In this episode of Stat of the Day, Todd Hagopian — the original Stagnation Assassin — unpacks what the 70% headline actually means, what Scott Keller and Colin Price found in "Beyond Performance" about the real drivers of change success and failure, why the conventional corporate response is structural engineering theater, and what operators must do differently before their next initiative launches.

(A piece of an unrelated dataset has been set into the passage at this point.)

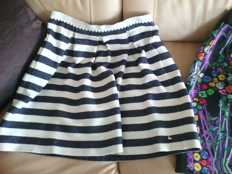 Мне откровенно первые две юбки никак... Третья вот отличная юбка, думаю, и посадка у неё хорошая должна быть. С однотонным верхом (темным, светлым) - кеды, босоножки, сандалии, туфли -все что угодно сюда подойдёт. Тельняшка вообще универсальная, я ношу с шортами, брюками, однотонными юбками.

Todd breaks down the buried variable, the P&L cost of failed change, the conventional crime of communications-plan-as-strategy, and a single five-question move you can run this week that will tell you more about your probability of transformation success than any project plan ever will.

Key topics covered:

  • The actual McKinsey research behind the "70% failure" figure — spanning publications from the mid-1990s through the 2010s — and why the synthesized headline obscures the more important finding underneath
  • The buried variable: the single factor most correlated with change success wasn't strategy quality, wasn't budget, wasn't even executive sponsorship — it was employee energy and personal belief that the change was worth making
  • Why engagement scores and satisfaction surveys miss the actual predictor — personal belief in the value of the change is a different construct than general job satisfaction
  • The 3x outperformance finding — companies that actively managed the human energy dimension of change outperformed those that didn't by a factor of three
  • The compounding P&L cost of failed change — every failed initiative deposits cynicism into the organizational culture as a liability that raises the activation energy required for the next one
  • The conventional crime — communications plans, steering committees, and Change Champion networks as the standard response, and why this is structural engineering failure treated with better signage
  • The HOT System applied to change — Honest diagnostics that include a human energy inventory, Objective measurement of belief rather than assumption, and Transparent surfacing of the gap between leadership narrative and employee reality before rollout rather than after resistance
  • The five-question pulse — the specific anonymous survey to run before your next change initiative: whether they believe the change will work, whether it will make their work better, and whether they've seen changes like this succeed before

The counterintuitive truth: change programs don't fail because the strategy was wrong. They fail because leadership managed the process and forgot to manage the people. The steering committee meets on Tuesdays. The Change Champions are enthusiastic for six weeks. And the culture quietly reverts — every time — unless the human energy variable is measured, named, and addressed before the rollout begins.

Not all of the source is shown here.